People would come for a 10-day expansion of their mind and consciousness, and instead of basking in the beauty of Cancun and the fellowship of the other guests, they were head down in their smartphones, checking email, arguing on Facebook, taking selfies, counting likes. (The Taiwanese call phone-addicted folks “The Head Down People.)
“The vision for Beond is to create an environment where individuals can have a profound and meaningful transformational experience with ibogaine,” says Tom. “The environment facilitates a connection that has been lost or eclipsed, a connection to their authentic self, a connection to their hopes and dreams, their life purpose and vision, to their most important relationships, to other people at Beond who are going through a similar process, and ultimately a connection to Nature.
“The phone was just a great weapon of mass distraction from all of that.”
Tom and Talia had already asked people to give up their phones for the 3 days surrounding their ibogaine trip. (Loved ones can still be in contact with staff.) But three days felt “insufficient,” says Tom. So last month Tom and Talia instituted the Digital Detox Challenge.
“People are so dependent on the dopamine,” says Tom, “they wouldn’t give up their phones unless we paid them.”
Such is the pull of the phone that only two people, including Melinda, signed up. “$500 is not enough,” says Tom.

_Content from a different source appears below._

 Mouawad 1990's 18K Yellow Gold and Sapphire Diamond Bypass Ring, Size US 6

Staff at Beond hide confiscated phones as if they are buried treasure: in plastic bags in a black bank vault in a locked office with security cameras. These phones are better guarded than the crown jewels. (People doing the digital detox can still get their devices for half an hour a day to check in with loved ones.)

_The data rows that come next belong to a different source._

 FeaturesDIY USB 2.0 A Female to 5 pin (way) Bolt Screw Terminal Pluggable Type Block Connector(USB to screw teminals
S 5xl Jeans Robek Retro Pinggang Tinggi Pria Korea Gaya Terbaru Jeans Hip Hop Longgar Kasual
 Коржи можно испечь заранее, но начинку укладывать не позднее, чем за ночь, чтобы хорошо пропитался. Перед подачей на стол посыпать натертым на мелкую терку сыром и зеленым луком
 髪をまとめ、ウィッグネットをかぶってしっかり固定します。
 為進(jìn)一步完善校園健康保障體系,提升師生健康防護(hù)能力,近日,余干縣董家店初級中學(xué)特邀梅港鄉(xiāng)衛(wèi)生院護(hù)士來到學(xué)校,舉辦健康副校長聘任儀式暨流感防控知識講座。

Melinda loved not having her phone. She’d see others hide in their rooms in the afternoons, staring at their devices. She’d feel the urge to text her ex, and instead she’d distract herself by swimming laps or working out.
“One day it was pouring rain and I didn’t go inside to look at my phone, I just walked around the pool and felt the rain on my body and went swimming, and it felt very therapeutic,” Melinda says, “I felt a release, a sense of calmness coming over me — like I was right where I was supposed to be.”

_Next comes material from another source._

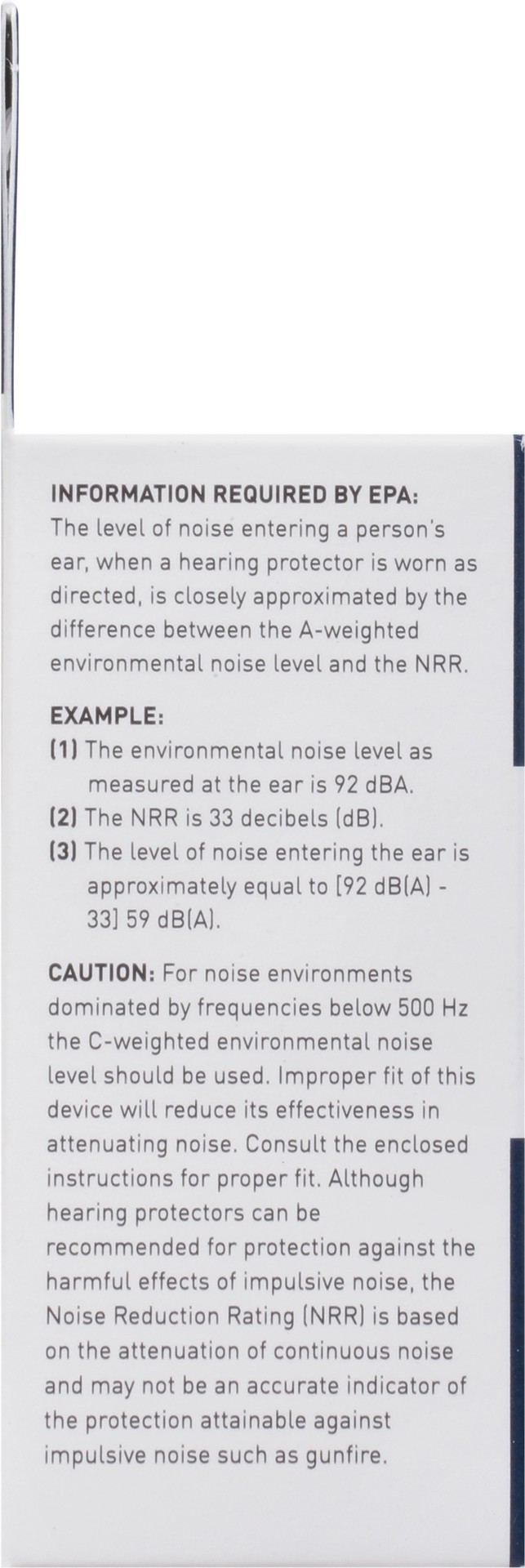 Noise reduction rating NRR 33. Smooth foam for a soft, ultimate fit. Contoured shape for ultimate fit. Not made with natural rubber latex. Noise Reduction Rating: 33 decibels (when used as directed). …
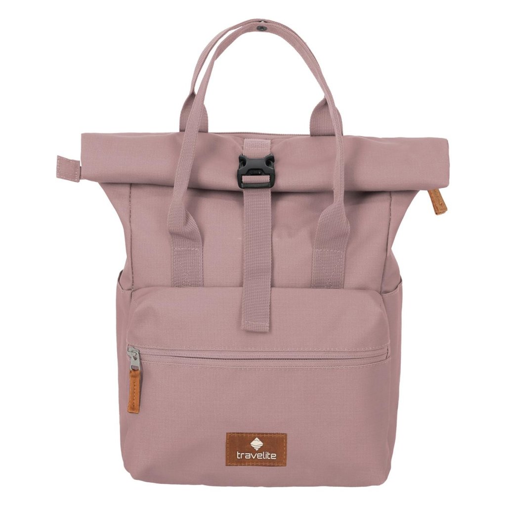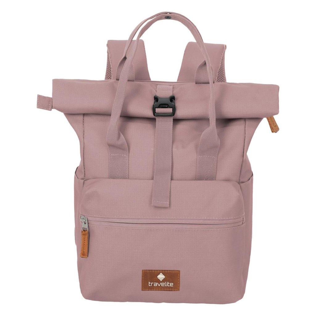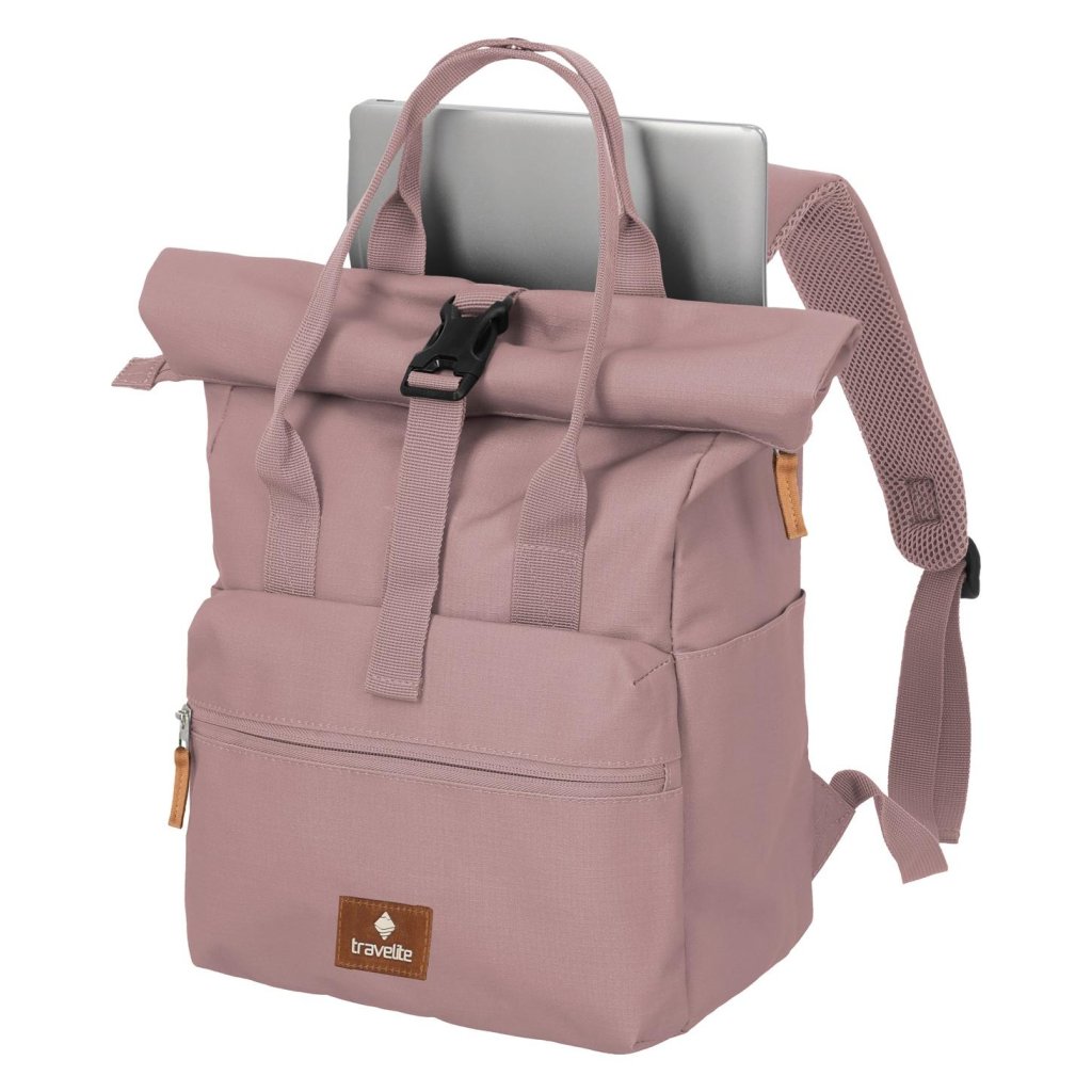 Travelite Basics Short Handle Roll-up Smoky Rose – růžový batoh pro moderní život

“Other guests would say, ‘Are you serious, how can you do that?’,” Melinda says. “They were shocked, absolutely shocked.” Yet Melinda found a deeper connection with other clients, especially with people who didn’t use their phones much, either.
While phones dominate much of our lives, phones do not dominate psychedelic spaces. Any decent sitter, guide or shaman will suggest you turn off your phone while you’re tripping. And many trippers report that the phone is less enticing while under the influence (not to mention harder to see and hold).
“People who are on psychedelics, or who recently took ibogaine, they have this new perspective, they feel like they have the choice to use their phone or not,” says Tom.
Shelving the phone has serious benefits for anyone. One Stanford study found that kids who reduced their screen time gained less weight, were less aggressive toward peers, and less materialistic.
Tom bought five copies of the book “The Anxious Generation” and placed them around the retreat center for guests to pick up. To spark conversation. To provoke thought.
Melinda is back home in the Midwest. Her life is better – she is exercising daily, journaling, reconnecting with friends, and is no longer plagued with recurrent thoughts of suicide. She recently went to a music festival, did a little MDMA, cuddled with a loved one, and “felt the happiest I’d felt in I don’t know how long.” And she barely looked at her phone.
“I wake up every morning feeling happy and I have zero thoughts of suicide,” Melinda says. “I’m doing my part. So yes, ibogaine is fucking magic, but only if you do your fucking part.”
*Melinda is not her real name. We changed it to protect her privacy.